DEV Community

neil-morgan
neil-morgan

Posted on

React Context and Provider to help handle scroll and viewport visibility events

I've run into a roadblock when putting together the below process.
I'm trying to create a context which will globally provide window properties to components so that the components can react to window changes (scroll, resize, etc).

I'm doing this so that rather than each component running their own set of event listeners. I only have to run one set and pass the results down.

So far the context adds the scroll and resize listeners, throttles them and makes the values available to the provider wrapper. All works fine, and the values are available in the wrapped component.

//WindowContext.js

import React, { Component, createContext } from "react"
import throttle from "lodash.throttle"

export const WindowContext = createContext()

class WindowContextProvider extends Component {
  constructor(props) {
    super(props)
    this.state = {
      windowScrollY: null,
      windowInnerHeight: null,
    }
    this.throttledFunction = throttle(this.updateState, 500)
  }

  componentDidMount() {
    window.addEventListener("scroll", this.throttledFunction, false)
    window.addEventListener("resize", this.throttledFunction, false)
  }
  componentWillUnmount() {
    window.removeEventListener("scroll", this.throttledFunction, false)
    window.removeEventListener("resize", this.throttledFunction, false)
  }

  updateState = () => {
    this.setState({
      windowScrollY: window.scrollY,
      windowInnerHeight: window.innerHeight,
    })
  }

  render() {
    return (
      <WindowContext.Provider value={{ ...this.state }}>
        {this.props.children}
      </WindowContext.Provider>
    )
  }
}

export default WindowContextProvider

The problem

In SomeComponent.js below you can see what it is what I am attempting. It has two fundamental problems.

I cannot (shouldn't) set state within render so I'm not sure how I can set isActive within the state to true (so that some ternary operator could utilise it). And the element coordinates I gather in the componentDidMount are static meaning I cant match them to scroll or inner height to determine if the element is visible.

//SomeComponent.js

import React from "react"
import ReactDOM from "react-dom"

import { WindowContext } from "../contexts/WindowContext"

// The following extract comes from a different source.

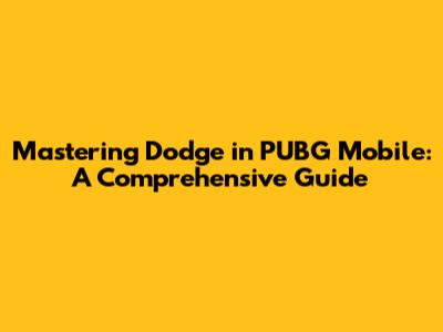 Mastering Dodge In PUBG Mobile: A Comprehensive Guide

class DevTools extends React.Component {
  constructor(props) {
    super(props)
    this.state = {
      isActive: false, //want to set isActive:true if 
      element: null,
    }
  }
  componentDidMount = () => {
    this.setState({
      element: ReactDOM.findDOMNode(this).getBoundingClientRect(),
    })
  }

  render() {
    return (
      <WindowContext.Consumer>
        {context => {
          //THE CRUX OF THE PROBLEM
          const { windowScrollY, windowInnerHeight } = context
          console.log(windowScrollY) //tracked
          console.log(windowInnerHeight) //tracked
          console.log(this.state.element) //not tracked
          //this.state.element is currently static as it is simply set on mount, needs to be tracked
          //adding an event listener would defeat the point of creating the context

          //Below not an option, cannot set state within render, not sure how else to manage toggling when the element is visible
          handleWindowChange = () => { 
            if (this.state.element.top + 100 < windowInnerHeight && this.state.element.bottom >= 0) {
              this.setState({
                isActive: true,
              })
            }
          }
          return (
          //some div with a ternary operator

I'm trying to come up with a solution which both GLOBALLY tracks the event listeners (scroll, resize) but also tracks the position/visibility of any component the provider wraps.

So maybe something in which I can pass all components that the context provider wraps up to the context state and handle matching their visibility there instead. But I'm struggling to wrap my head around where to start

Top comments (1)

Collapse
 
thiagoaslima profile image
Thiago Lima

Its a bit old, so maybe you already found a solution. My suggestion is take a look on IntersectionObserver API.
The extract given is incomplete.